Since 2012, the World Health Organization (WHO) has been notified of 1626 laboratory-confirmed cases of Middle East Respiratory Virus Syndrome (MERS) as of January 7, 2016 (link). These cases have been reported from 26 countries as shown on the map and table below. Cases have been reported from most continents: North America, Africa, Europe, and Asia. No cases have been yet been reported from South America, Australia, or the sparsely inhabited Antarctica. More than 75% of these cases have been reported from Saudi Arabia.
Countries Reporting MERS infections to WHO
Worldwide count of MERS cases
The earliest cases of MERS in 2012 were geographically associated with countries in the Middle East. Numerous cases in Saudi Arabia are reported as “primary cases”, autochthonous cases, which have been infected from local animal hosts. Current research indicates that camel populations on the Arabian Peninsula are a reservoir for this coronavirus, although there may be other intermediate animal hosts as well.
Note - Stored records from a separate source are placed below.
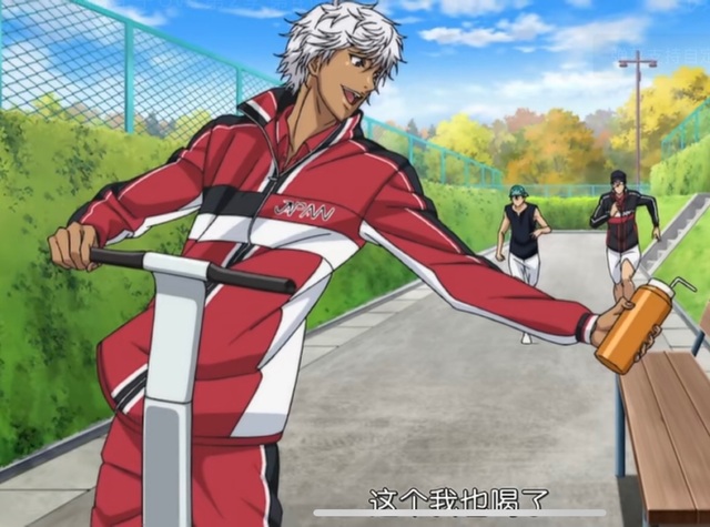 种子岛骑着代步车飞驰而过,抢走了真田玄一郎放在椅子上的水。
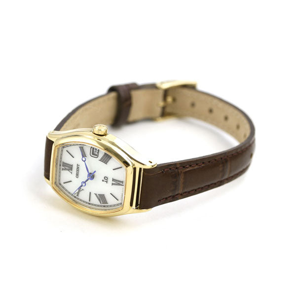正規品 7年保証キャンペーン 送料無料 オリエント イオ ナチュラル&プレーン トノー カレンダー 日本製 ソーラー レディース 腕時計 RN-WG0013S ORIENT iO NATURAL&PLAIN アナログ アイボリー×ブラウン 革ベルト ◆「iO(イオ)」はファッションも遊ぶときも、とにかく好きなものには徹底的にこだわり、他のものには見向きもしない、そんな“素敵にワガママな女の子たち”のハートをキャッチする、ハツラツとした若い女性に発信するブランドです。 小ぶりなトノー型に、ソーラーと同じ、太陽や蛍光灯などの光を電気エネルギーに換えて駆動するライトチャージ搭載モデル。ガラスにはサファイアガラスを採用し、見やすさにももこだわりました。ローマインデックスが女性らしい腕元を演出。上品かつ高級感のあるデザインで、カジュアルからスーツスタイルまでシーンを選ばず腕元を飾ります。 発売日:18年9月発売 Made in Japan
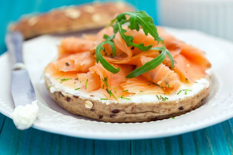 10. Desayuno gourmet de salmón ahumado: Sirve bagels recién horneados con crema de queso, salmón ahumado, alcaparras, rodajas de tomate y cebolla roja. Acompaña con jugo de naranja recién exprimido.
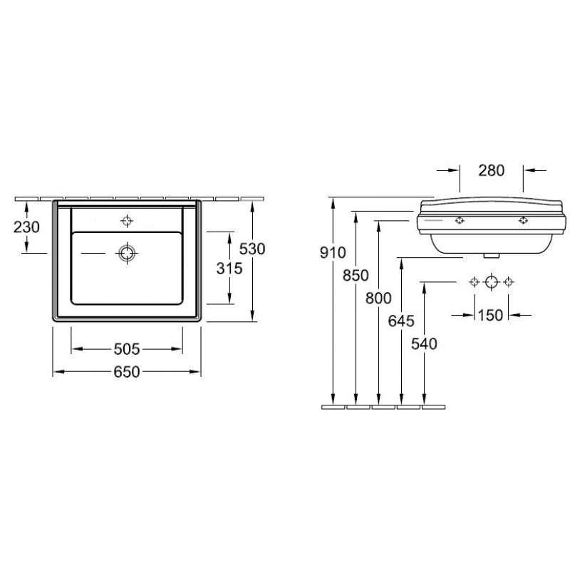 1) Раковина для ванної кімнати Villeroy & Boch Hommage підвісна 650х530 мм 1 отвір яскраво-б елий CeramicPlus
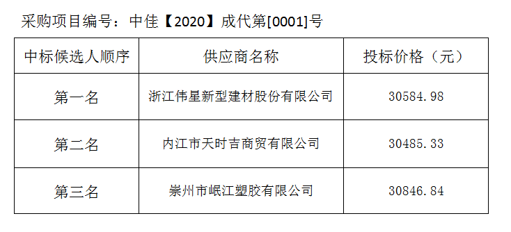 內(nèi)江市水務(wù)有限責(zé)任公司PE給水管及管件采購項目評標(biāo)結(jié)果公示

The map above only shows countries that have officially reported MERS cases to WHO, not the countries where the individual cases were initially infected. A review of the published case reports indicates local infections from animal sources has only occurred in countries on or adjacent to the Arabian Peninsula as shown in the map below. Although the MERS jump from animals to human appears to be occurring only in a small geographic region in the Middle East, this coronavirus is very infectious. Many infections on the Arabian Peninsula and elsewhere are reported to have occurred from human-to-human contact or by transmission within a healthcare facility.
Secondary cases of infections have occurred in health care facilities in Saudi Arabia, South Korea, and other countries. The large number of MERS infections among healthcare workers, healthcare facility patients, and patient visitors is a strong indication of the infectious nature of this coronavirus. According to published information, at least 240 reported MERS cases were healthcare workers.
Last year in South Korea, 185 cases of MERS were sparked by a single infected individual who traveled to South Korea from the Middle East. The infections spread primarily though hospitals. The nature of infectious transmission in health care settings is not clear. Human-to-human airborne transmission has been proposed for pneumonia-infected “superspreaders” in South Korea (link), but human-to- fomite-to-human transmission seems to occur frequently as well.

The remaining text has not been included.